As we scan the expression, we need to be mindful of spaces or delimiters that separate numbers. Unlike single-digit numbers, multi-digit numbers can't be read one character at a time.

### Pushing Numbers onto the Stack

Whenever we come across a number (now it could be more than one digit long), we read the entire number, treating spaces as the separator. This whole number is then pushed onto the stack as a single entity.

### Operators Work the Same

When we encounter an operator, the process is the same as with single-digit expressions. We pop the top two numbers from the stack, perform the operation, and push the result back onto the stack.

For example, let's evaluate the postfix expression 23 8 7 + *. Here's the step-by-step breakdown:

• Scan and push 23: The stack now has [23].

• Scan and push 8: The stack becomes [23, 8].

• Scan and push 7: Now, the stack is [23, 8, 7].

• Encounter +: Pop 8 and 7, add them (8 + 7 = 15), and push 15 back. The stack updates to [23, 15].

Encounter *

• Pop 23 and 15, multiply (23 * 15 = 345), and push the result 345 back onto the stack.

• With the final stack being [345], we conclude that 345 is the result of the expression 23 8 7 + *.

This method extends the utility of postfix expressions to accommodate more complex and realistic numerical computations, making them even more powerful in practical applications.

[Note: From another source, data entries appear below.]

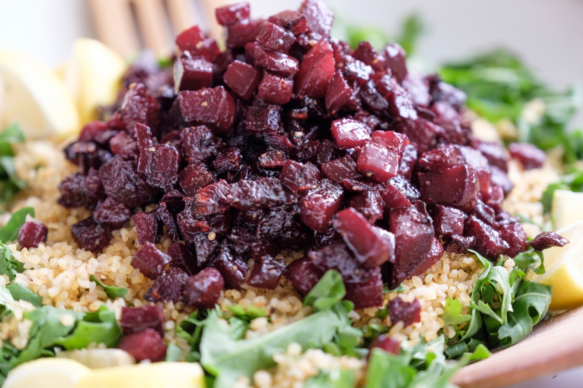 8. נרכיב את הסלט: הירוקים, הבורגול הקלוי, סוכריות הסלק המבריקות, וניצוק מעל טחינה, צנוברים וזץ לימון. כל כך טעים!
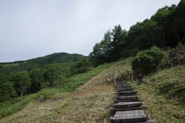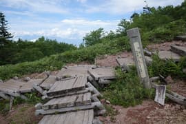 一息付いたのち、急斜面をジグザグに登って頂上稜線の上に出、菅平・根子岳からの登山道に合流する。さらに稜線をちょっと登ると四阿山の頂上に到着する。
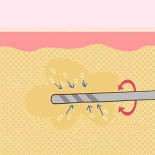 - スパイラルカット(渦巻き状)のカニューレ(吸引管)にコンピューター制御の反復回転運動を加え吸引管周囲の脂肪細胞を取り除きます。
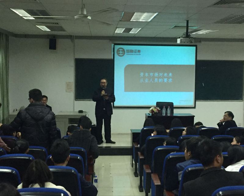3月9日晚第121期经管周末论坛如期举行。江西财经大学投资金融系本科学士,现任国融证券江西分支机构总经理的汪震宇莅临现场,为在场同学进行了一场证券行业发展的分析演讲。
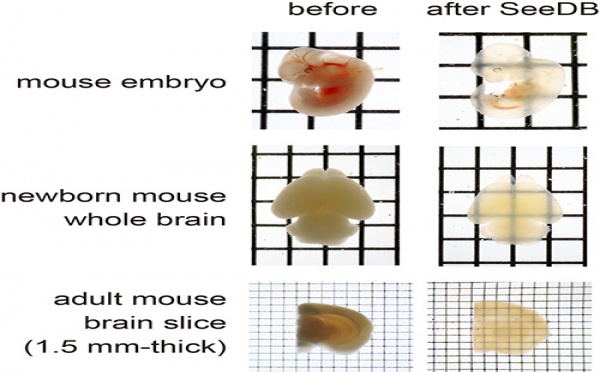 Científicos del centro de investigación RIKEN de Japón han desarrollado una nueva solución acuosa que convierte los tejidos en transparentes en sólo tres días, sin modificar la forma y la naturaleza química de cada muestra. Combinando esta solución con microscopía de fluorescencia los científicos han consesguido obtener imágenes detalladas del cerebro de un ratón.
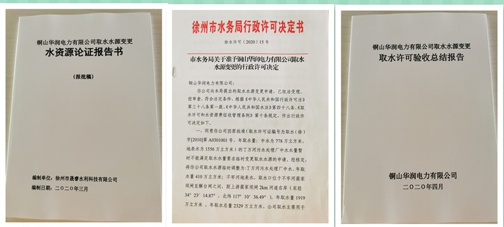 中國電力網(wǎng)訊 2020年4月24日銅山華潤電力有限公司取得新的取水許可證,標(biāo)志著銅山華潤電力有限公司取水水源變更項目順利完成。
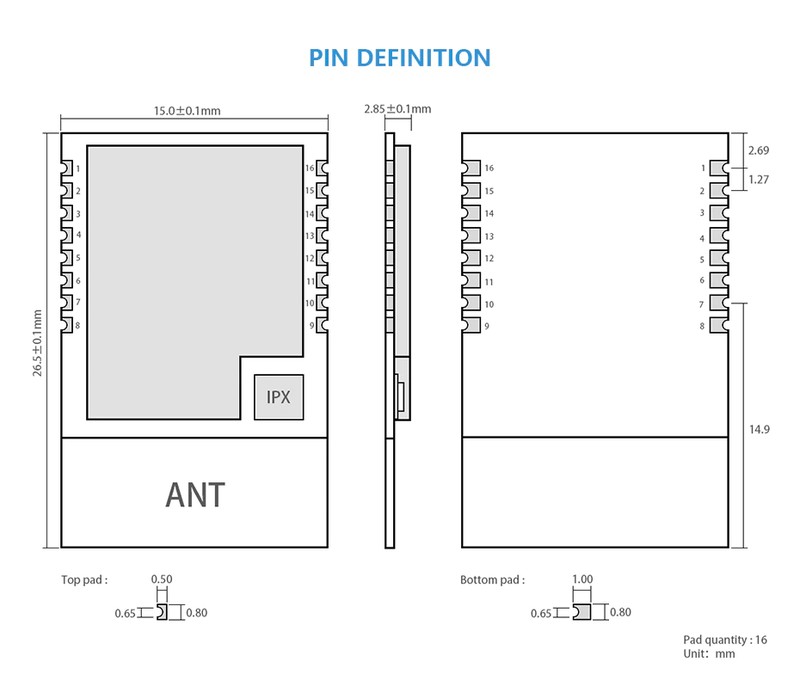 Type d'antenne | IPEX / PCB | 50Ω Impédance |

## Frequently Asked Questions

### Why use postfix notation instead of the more common infix notation?

Postfix notation simplifies the computation process for computers. It eliminates the need for parentheses, making the order of operations clear & straightforward, which is not always the case with infix notation.

### Can postfix evaluation handle operations beyond basic arithmetic like addition and subtraction?

Absolutely. Postfix evaluation is versatile & can handle a wide range of operations, including multiplication, division, exponentiation, & even more complex functions, as long as the operation involves taking a certain number of operands from the stack & pushing the result back.

### How does the stack help in evaluating postfix expressions?

The stack provides an organized way to manage operands & operators. By following the "last in, first out" principle, it ensures that the most recent operands are used with the most recent operator, maintaining the correct order of operations without needing parentheses.

## Conclusion

In this article, we've learned the essentials of evaluating postfix expressions, a fundamental concept that's instrumental in understanding computer arithmetic operations. Starting with the basics of using a stack for evaluation, we looked into the process step by step, even tackling multi-digit numbers to show the method's applicability to more complex expressions.